思い出した。知人が読んでいてよい本そうだったので、瞬間的に予約したのである。3ヶ月前ね。

予約の本は大抵、ほかの人も予約をしている。ゆえに優先的に読んで出来るだけ早く返却することを心がけている。ので、他の本を一旦おいて読むことにした。

太平洋戦争時に零戦に乗っていた人々のお話である。

夏になると、出来るだけ先の大戦の話を読んだり見たりすることにしている。戦争を知らない世代の私がたった一つ出来ることは、知り続け考え続けることだと思うからである。だから割りに色んな本を読んだけれど、零戦に関して、こういう本は初めてである。

なるほど、敗戦後日本が飛行機作りを禁止されたのは、この素晴らしい戦闘機を作り出した技術にあったのだと思った。

まだ半分。けれど、大変に心が痛い本である。読みながら、心がずきずき痛む。それは、なまくらな人生を歩いている自分への憤りであり、命をかけて国を守った人々への畏敬であり、後方の安全な場所で、ふんぞり返って、将棋を指すように作戦を立てていた、当時の参謀本部のジジィたちへの憤りであり、家族を、愛する人を失った人々の悲しみとのシンクロでもあるのかもしれない。

慰安婦の話も凄まじかった。
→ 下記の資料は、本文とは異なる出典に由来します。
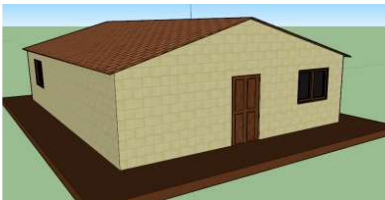
Figura 4: modelo tridimensional desenvolvido pelos participantes através do Sketchup®.
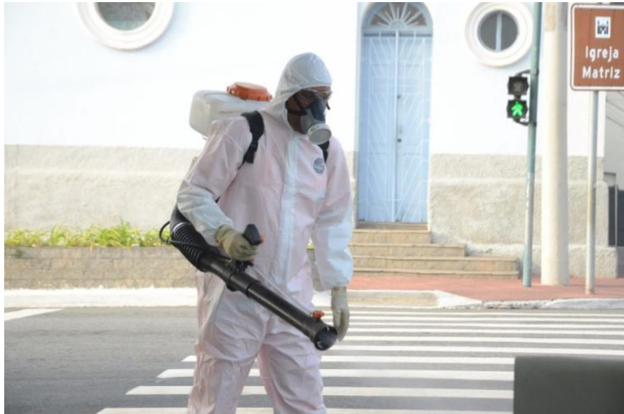
Higienização no centro de São José.

Com o maior número diário de casos confirmados desde o início da pandemia, a RMVale ultrapassou nesta segunda-feira (13) a marca de 10.000 diagnósticos positivos do novo coronavírus.
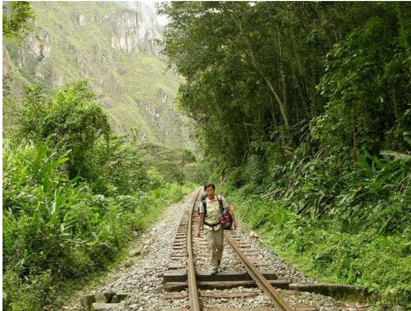
Auf dem Weg nach Machu Picchu

本当にそんなことが行われていたと想像することすら難しいくらいに酷い話であった。けれど、この本は生きるということを、世代を超えて考えなさいといわれているように思える。勇気とは何か、生きるとはなにか。私たちが、過去から学ぶべきことをもう一度考えなさい、考え続けなさいといわれているような気がする。

まだ半分。本当に心がくじけそうだけれど、今週中に読み終える。そして、考える。

良い本に巡り合えました。

推理小説

読みたい本が見つからないとき、「江戸川乱歩賞」をGoogleする。そして、その本を読んだりする。
樋口有介さんの本を読んだ。残念ながら受賞作はイマイチだったのだけれど、他に何冊か面白い本をみつけた。
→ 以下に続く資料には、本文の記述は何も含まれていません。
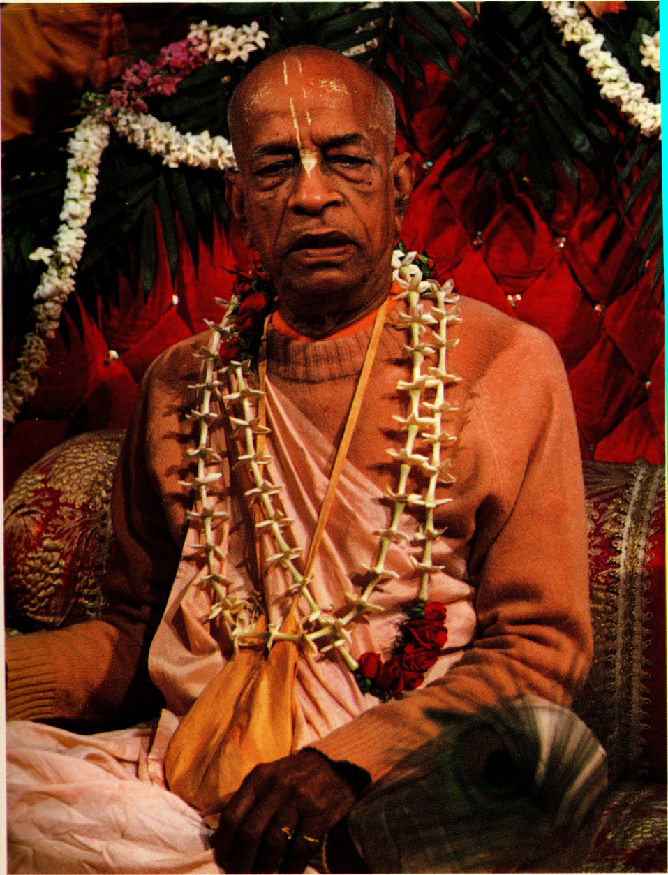
His Divine Grace A.C. Bhaktivedanta Swami Prabhupāda Gründer-Ācārya der Internationalen Gesellschaft für Krishna-Bewußtsein

私は推理小説の熱心なファンではない。けれど、通勤の関係で読んだ本がたくさんある。例えばレイモンド・チャンドラー。けれど、ほかはあんまり知らない。ロス・マクドナルドのアーチャーシリーズも読んだけれど、時代も古いし、彼が有名とは思いもしなかった。で、樋口さんの本。彼の本にアーチャーのことが載っていた。「ヘー、意外と有名なんだ」と、ちょっと思いました。

今は、キンズリー・ミルホーンシリーズを読んでいる。それも樋口さんの本に出てきて大変驚いた。私は英国人の知人に教えてもらって読み始めたのだけれど、結構面白い。けれど、日本ではメジャーではないと思っていた。


やっぱりこういう本を書く人は読んでいるのね。
ちなみにご当人の本は、ゆるい感じでいい。人が死ぬのは死ぬんだけれど、バンバン死ぬんじゃなくて、まぁ死んじゃったのね、みたいな感じ。20世紀の男のダンディズムみたいな感じがちょっと格好良かったりする。隣の探偵さんって感じかな。

乱歩賞の本は掘り出し物が結構ある。受賞作でなくても新しい出会いのきっかけになる。又探してみようっと。